There is really no way to explain Tressel's inaction other than to conclude he thought he could get away it. Read Tressel's scathing obit written by Clay Travis.
Tressel and others can hide behind his stellar reputation developed over 30+ years in college coaching, but is that enough? Then there's this from Tressel's autobiography, unearthed by ESPN.com's Mark Schlabach:
"The reputation of a thousand years may be determined by the conduct of one hour." Ohio State coach Jim Tressel included that Japanese proverb on Page 193 of his book, "The Winners Manual For The Game of Life." Eight pages later, there's this nugget from Henry Wadsworth Longfellow: "It takes less time to do the right thing than to explain why you did it wrong."
Nothing like using a man's own rope to hang him with.
Of course, Tressel did not write the playbook when it comes to coaches overstepping their bounds. That honor would probably go to former Nebraska coach Tom Osborne.

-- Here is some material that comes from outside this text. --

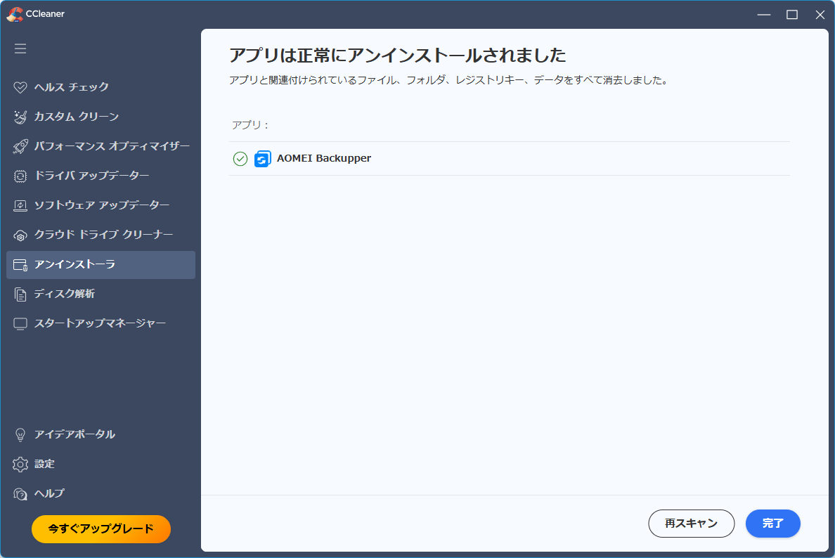 アンインストール完了です。

From a September 25, 1995 Sports Illustrated article titled, "Coach and Jury":
"I don't tell Tom Osborne how to run the football department," Lancaster County Attorney Gary Lacey says, "and he should stay out of the criminal justice system. He hasn't done that at all." According to Lacey, Osborne has taken it upon himself to interview witnesses in criminal cases, offered very public opinions on the probable innocence of players who have yet to stand trial and attacked the credibility of witnesses testifying against his players. In January 1994 he and an assistant even locked away a gun that had allegedly been used by one of his players in the commission of a felony.
I recently wrote in Basketball Times about the coaches' code, the practice of not turning fellow coaches in to the NCAA:
Georgia State football coach Bill Curry (who also coached at Alabama, Georgia Tech and Kentucky) told ESPN The Magazine: “For the most part, when I was involved at the high level of recruiting, we usually called each other and worked it out between the two of us. If we caught someone doing something wrong, I would call and say, ‘Look, let’s talk about this. If we can’t talk about this, I am going to turn it in.’ And I always told them, ‘If you ever get something on us, then you call me. And if I don’t cooperate, you turn us in.’”
Translation: The NCAA’s job might be to investigate possible rules violations, but the coaching fraternity is better served when these matters are settled without involving the NCAA, the rightful legal authority. And Curry is one of truly good guys in college athletics.
The old comic strip Pogo had a classic line that applies here: “We have met the enemy, and he is us.”
I'm sure Tressel regrets his actions now. But you're kidding yourself if you believe that covering up (or ignoring) such allegations has not been the go-to strategy for many coaches...for many years.
Honesty should be the best policy. But, morals aside, winning in college sports is the ultimate best policy.